Project Team

Dr. Bidisha Ghosh (PI) is an Associate Professor in the School of Engineering, TCD. She is an expert in traffic & air pollution prediction using statistical methods, time-series modelling, artificial intelligence algorithms, sustainable transportation, and health impact assessment of active travel. She has published over 100 peer-reviewed journal and conference articles with >1000 citations. She is the Chair of the Irish Transport Research Network (ITRN). She has been and is currently involved in multiple EPA projects on traffic and air pollution, health impact assessment of active travel, & effects of transport fleet modernisation etc.

Dr. Fionn Rogan (CO-PI) is a Senior Research Fellow in UCC and MaREI. Fionn has a PhD in energy systems modelling and has worked with simulation and optimisation energy system models to support climate action policy making in Ireland.

Dr. Mounisai Siddartha Middela is a postdoctoral research fellow in the School of Engineering, Trinity College Dublin. He completed his PhD in Civil Engineering from Indian Institute of Technology (IIT), Madras in 2022. His research interests in are sustainable transport planning, freight transportation, and econometric modelling. He has experience working on various projects such as developing a roadmap for electrification of freight vehicles, and electric vehicle battery discharge level and range prediction models in Chennai, India.

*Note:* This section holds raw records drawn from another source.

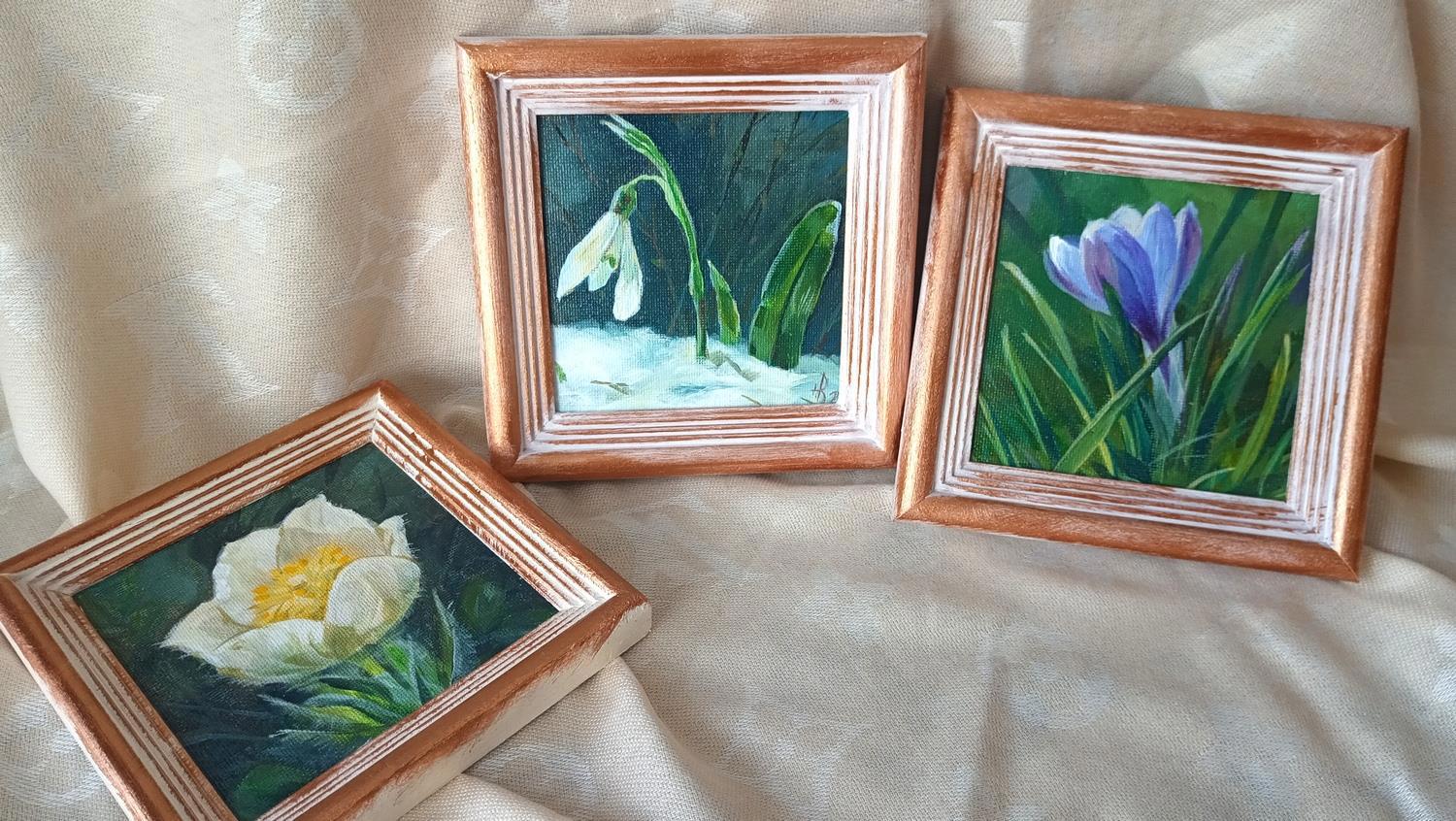 Автор: Надежда ЗуенкоЗакончила вчера маленькую (во всех смыслах - всего три штучки и размером 10*10см) серию весенних цветов акрилом на холсте. Решила заморочиться, даже рамочками озаботилась! :) Спецом купила деревянные рамки одинаковые, и покрасила белым и бронзовым.
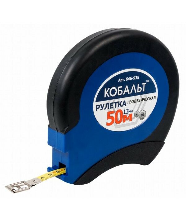 Рулетка геодезическая Кобальт 646-935 50м x 13мм, закрытый двухкомпонентный корпус, стальная лента, ускоренная перемотка
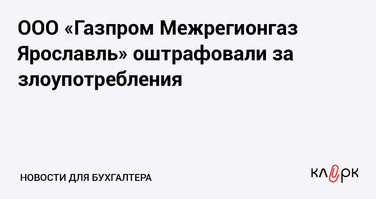 ООО «Газпром Межрегионгаз Ярославль» оштрафовали за злоупотребления
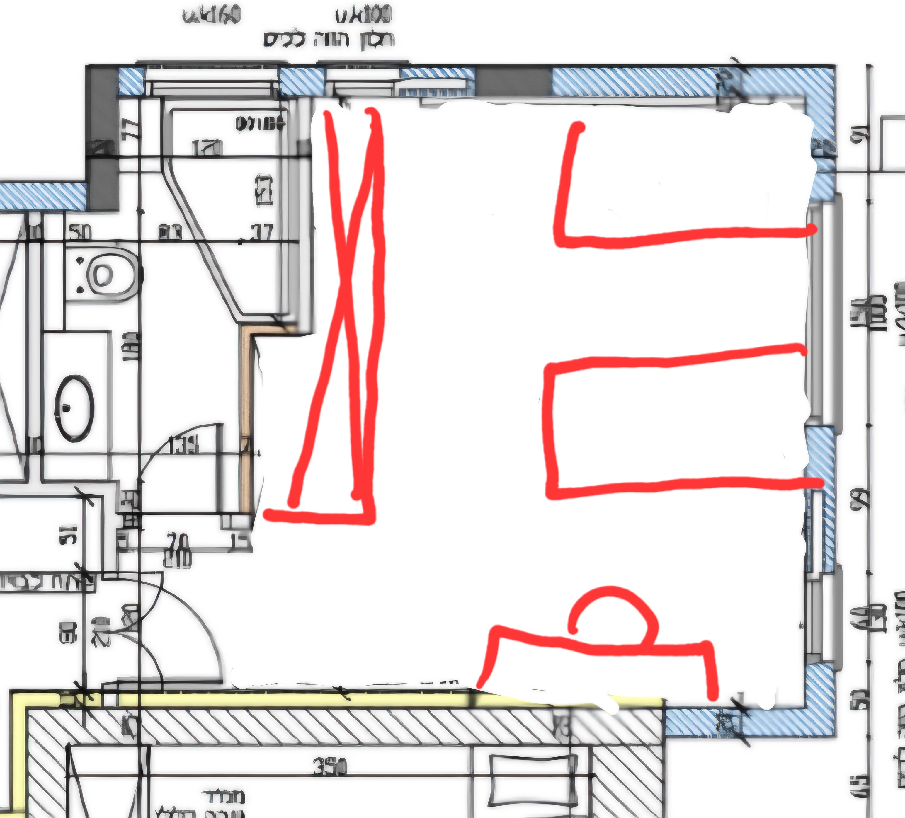 ויש שם חצי חדר שינה - הקיר שצמוד למטבח שלי - שאותו אני רוצה להגדיל לחדר נורמלי 2 מיטות ארונות ושולחן אולי וכו.
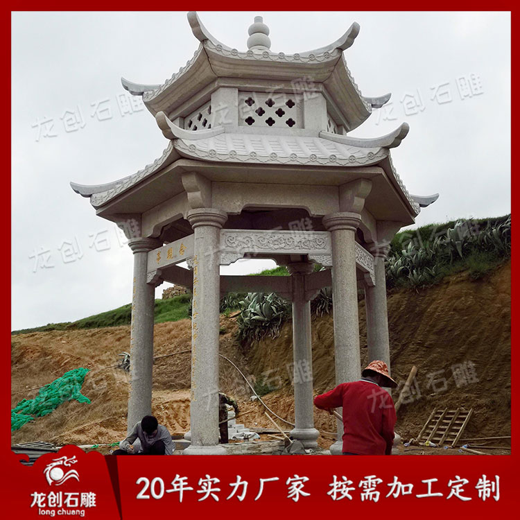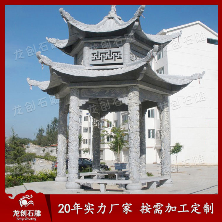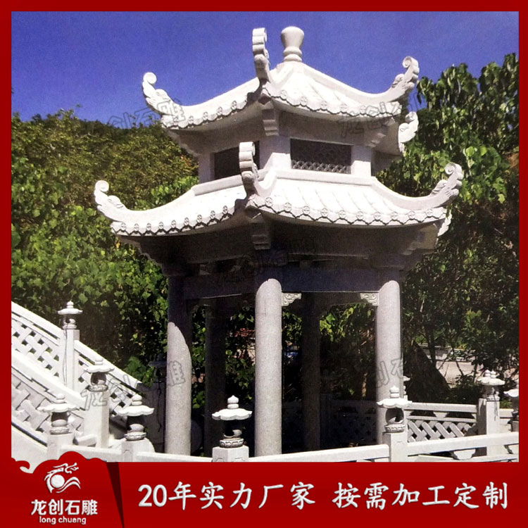 石雕雙層涼亭作為一種景觀建筑,經(jīng)常的與空間環(huán)境作為主題形式出現(xiàn)。這樣我們可以從各個(gè)角度欣賞。但是它又不是一個(gè)實(shí)體,更多地強(qiáng)調(diào)其虛空的內(nèi)部與周?chē)目臻g環(huán)境之間的聯(lián)系,這樣就通過(guò)建筑造型的外在形象,在周?chē)臻g中起到點(diǎn)睛的作用。它追求的是一種整體美、自然美、古典美。
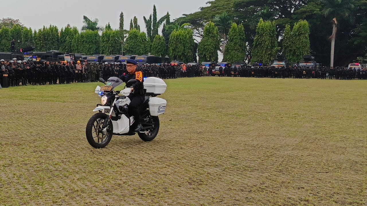 Apel pasukan dan perlengkapan power on hand Kapolda dalam rangka pengamanan Pilkada 2024 serentak di Provinsi Lampung diikuti sebanyak 1.008 pasukan dari berbagai satuan yang disiagakan diantaranya Satbrimob hingga Satlantas Polda Lampung.
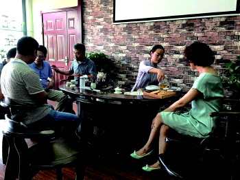 26日,记者步入七彩云南庆沣祥普洱茶日照店,墙上陈列着不同形制的茶具。各种优质普洱茶映入眼帘,涵盖饼、砖、沱和散茶形式。茶艺师优雅地为来宾泡开一片片普洱,醇香沁入心脾。
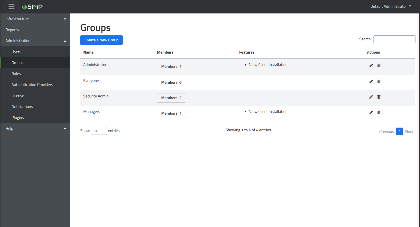 The Groups page allows administration to create/delete groups that the users can be added to. Groups allow permissions to be set for many users at once, instead of having to assign permissions on a per-user basis inside of infrastructure-nodes.
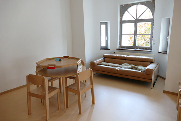 Hier wird man bald auf einem gemütlichen Spielteppich basteln, lesen und bauen können.
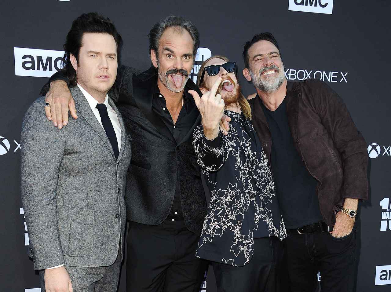 左より、『TWD』ユージーン役のジョッシュ・マクダーミット、サイモン役のスティーブン・オッグ、ドワイト役のオースティン・アメリオ、ニーガン役のジェフリー・ディーン・モーガン。
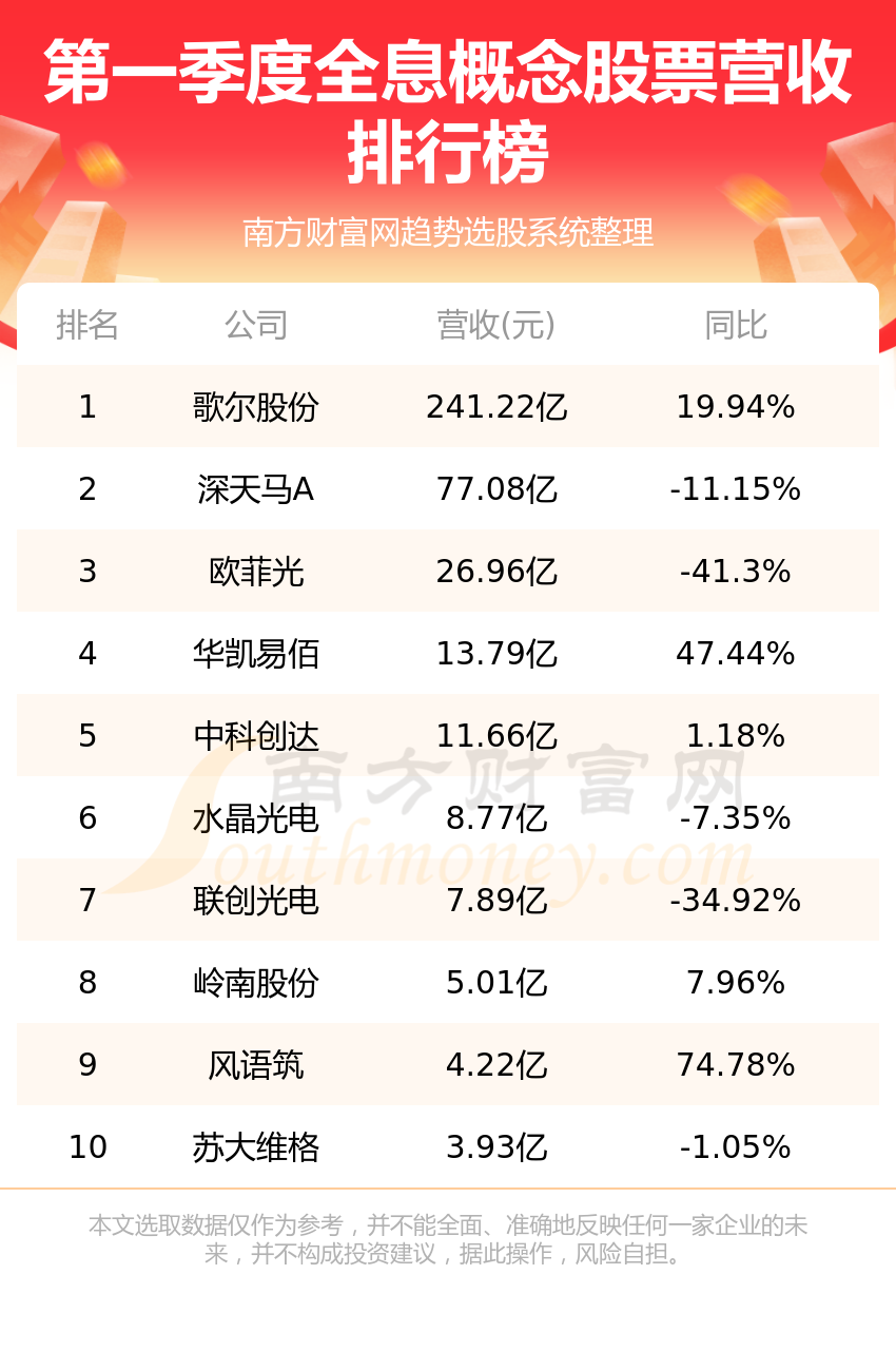 在所属电信设备概念2023年第一季度营业总收入同比增长中,创意信息是超过30%以上的企业;中兴通讯、中际旭创、新元科技等5家均不足10%。

He has also developed spatial demand prediction models for freight systems and emergency response systems.

Dr. Vahid Aryanpur is a post-doctoral researcher at MaREI, UCC. He has been involved in various energy systems modelling projects focusing on sustainable and net-zero decarbonisation target. Vahid has a significant ability to develop and use simulation and optimisation models to inform the decision-making process. His publications mainly address long-term transition scenarios for the power and transportation sectors. He also investigates how higher spatial resolution, energy-economy linkage, structural and parametric uncertainties, and heterogeneity of consumers impact model development and findings.